2. Power Supply Lines
Design the PCB layout pattern to provide low impedance supply lines. Furthermore, connect a capacitor to ground at
all power supply pins. Consider the effect of temperature and aging on the capacitance value when using electrolytic
capacitors.
3. Ground Voltage
Ensure that no pins are at a voltage below that of the ground pin at any time, even during transient condition.
4. Ground Wiring Pattern
When using both small-signal and large-current ground traces, the two ground traces should be routed separately but
connected to a single ground at the reference point of the application board to avoid fluctuations in the small-signal
ground caused by large currents. Also ensure that the ground traces of external components do not cause variations
on the ground voltage. The ground lines must be as short and thick as possible to reduce line impedance.

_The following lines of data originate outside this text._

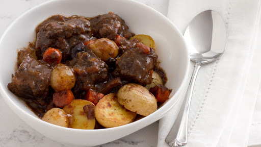 Serve stew over roasted fingerling potatoes and garnish with chopped parsley.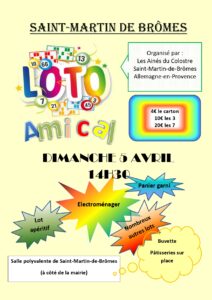 5 avril 2026, 14h30; loto amical des Aînés du Colostre
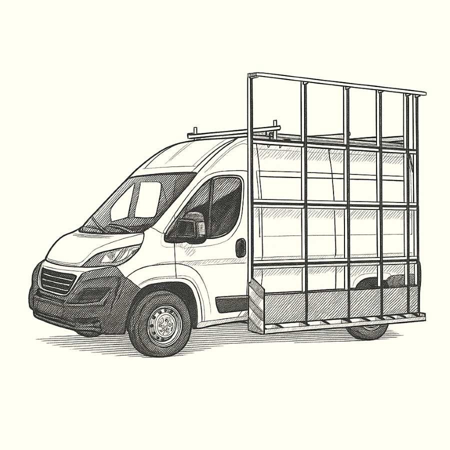 Glass rack type 5, designed from aluminium, ensures stability and practical use. Essential for glaziers who demand maximum safety when transporting glass.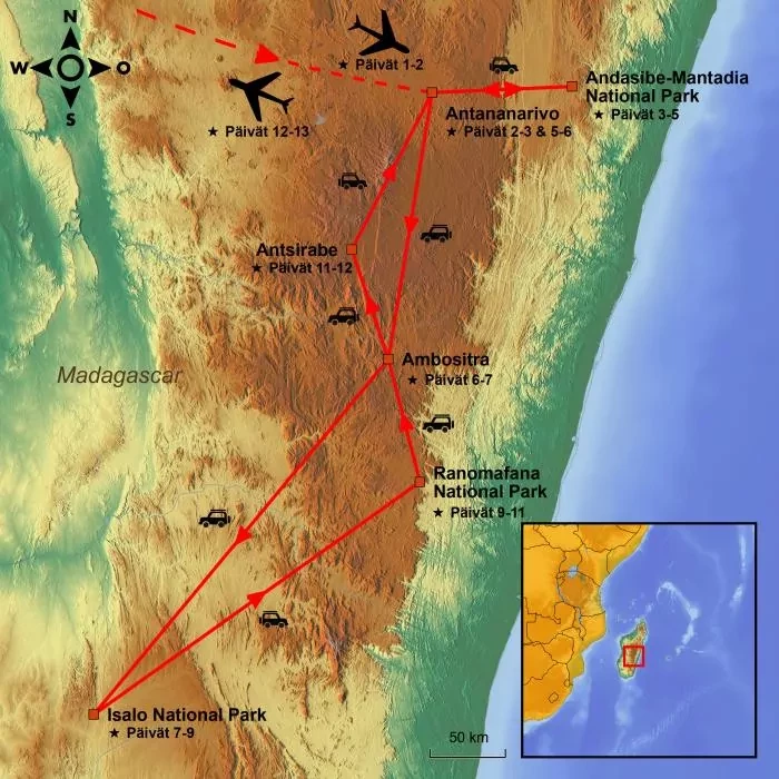 Ajo jatkuu pohjoiseen, ja tämän päivän matkakohde on viehättävä Antsiraben kaupunki, jonka läpi ajoit matkalla Tanasta kohti Ambositraa. Matka kestää 4 tuntia. Huomaa jälleen, miten maisemat muuttuvat dramaattisesti suhteellisen lyhyellä etäisyydellä – sademetsistä ylämaille erottuvine riispeltoineen.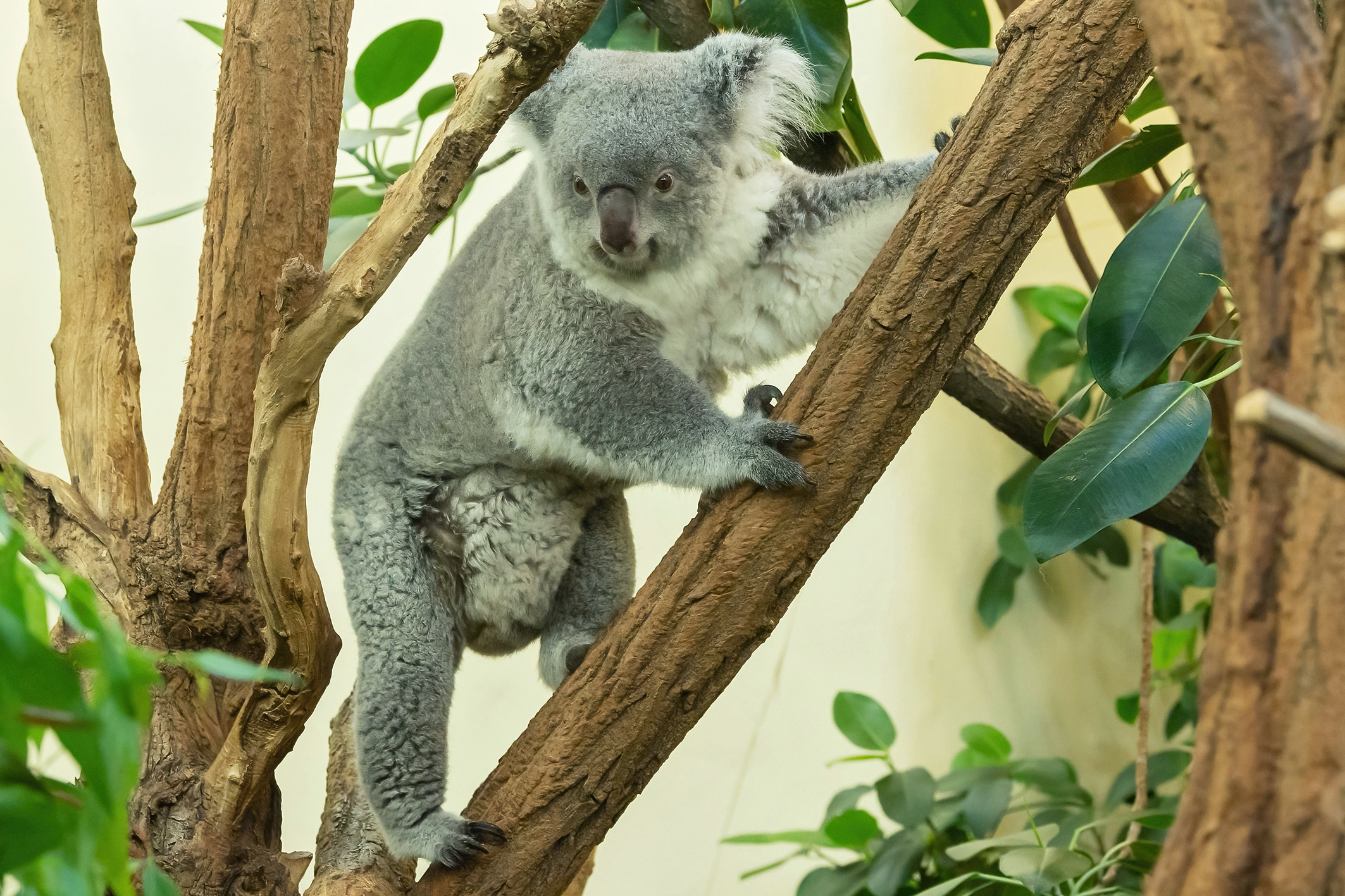 Besucher des Tiergartens müssen ganz genau hinsehen, um ein kleines bisschen vom Koala-Baby zu sehen. Denn aktuell fühlt es sich noch sehr wohl bei Mama. Die Entwicklung im Beutel dauert bis zu sechs Monate, mit etwa 22 Wochen öffnet das Jungtier dann erst seine Augen. Das Geschlecht kann erst zu einem späteren Zeitpunkt festgestellt werden. Ab und zu kann man jedoch einen Blick auf ein kleines Füßchen oder eine Hand erhaschen, die aus dem Beutel winkt, als wolle es sagen: „Hallo Welt, ich komme gleich!“
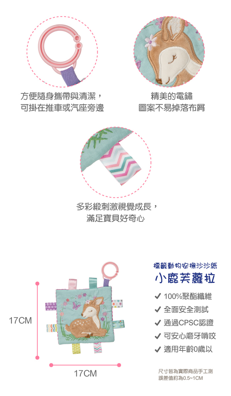 ●商品聲響設計,可刺激寶寶聽覺,亦適合寶寶手指動作練習。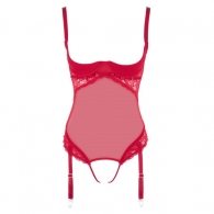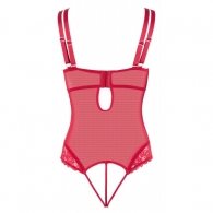 Stunning body that can be worn in four different ways!vRed body made out of soft, stretchy powernet and delicate lace. The lace cups and one pair of straps can be removed, leaving only a shelf bra. All four straps are adjustable. The string part with cotton gusset can also be detached - there only remain stretchy straps over the open crotch. At the front with two adjustable and removable suspender straps.

5. Recommended Operating Conditions
The function and operation of the IC are guaranteed within the range specified by the recommended operating
conditions. The characteristic values are guaranteed only under the conditions of each item specified by the electrical
characteristics.
6. Inrush Current
When power is first supplied to the IC, it is possible that the internal logic may be unstable and inrush current may flow
instantaneously due to the internal powering sequence and delays, especially if the IC has more than one power supply.

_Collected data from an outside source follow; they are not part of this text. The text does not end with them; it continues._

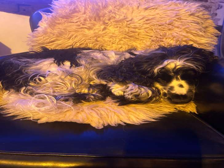 Notre Cocker est de couleur bleu rouan. Il est très gentil et n'a aucun souci de santé. Il est de taille moyenne. Il s'appelle Ramones.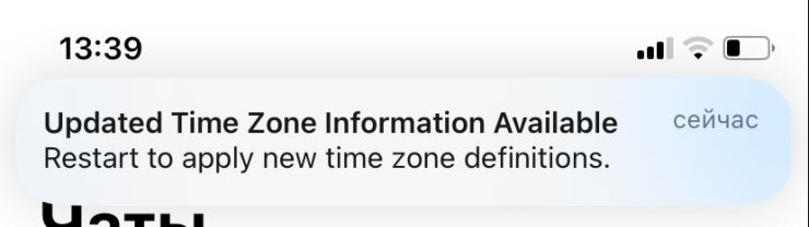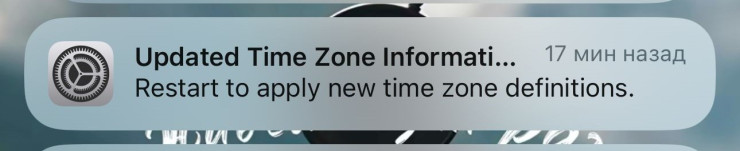 Если пройти в раздел "Дата в время" в настройках вашего устройства, можно увидеть сообщение о том, что на ваш гаджет отправлены обновленные данные о часовых поясах. Они будут установлены при следующей перезагрузке iPhone.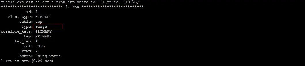 UNION 语句的 type 值为 ref,OR 语句的 type 值为 range,可以看到这是一个很明显的差距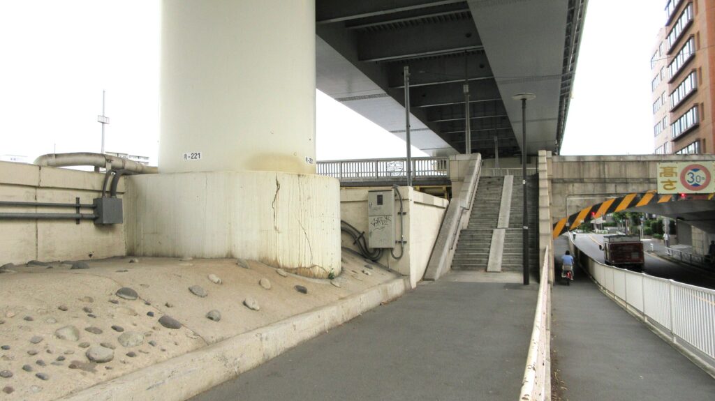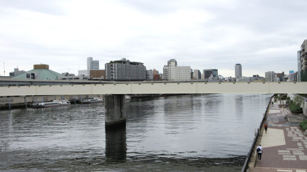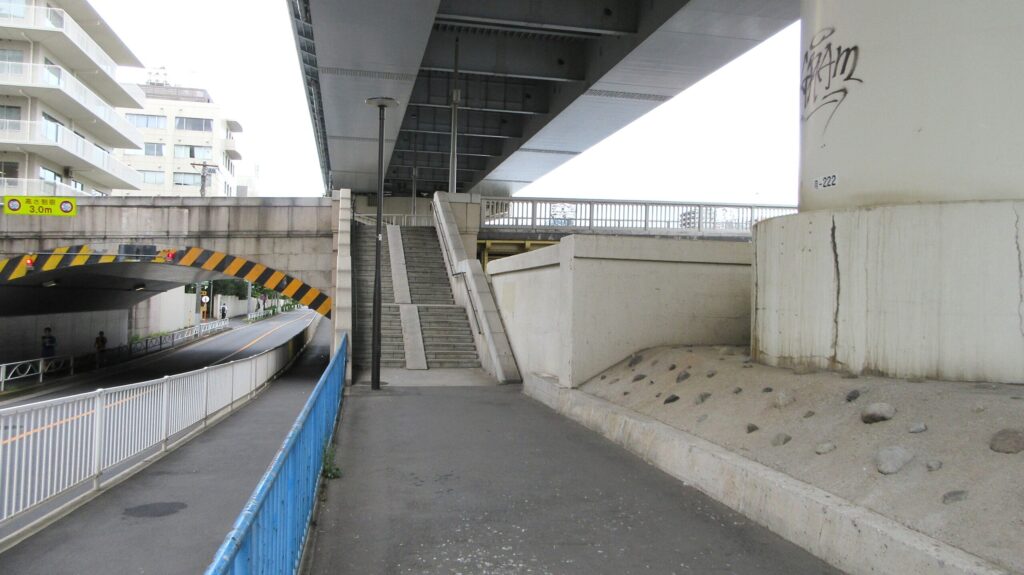 隅田川の東岸へ渡ったら、右側に階段がありますのでそこを降りて、橋の下をくぐって反対側の階段を上って再び蔵前橋を戻ります。

Therefore, give special consideration to power coupling capacitance, power wiring, width of ground wiring, and routing
of connections.
7. Testing on Application Boards
When testing the IC on an application board, connecting a capacitor directly to a low-impedance output pin may subject
the IC to stress. Always discharge capacitors completely after each process or step. The IC’s power supply should
always be turned off completely before connecting or removing it from the test setup during the inspection process. To
prevent damage from static discharge, ground the IC during assembly and use similar precautions during transport and
storage.
8. Inter-pin Short and Mounting Errors
Ensure that the direction and position are correct when mounting the IC on the PCB. Incorrect mounting may result in
damaging the IC. Avoid nearby pins being shorted to each other especially to ground, power supply and output pin.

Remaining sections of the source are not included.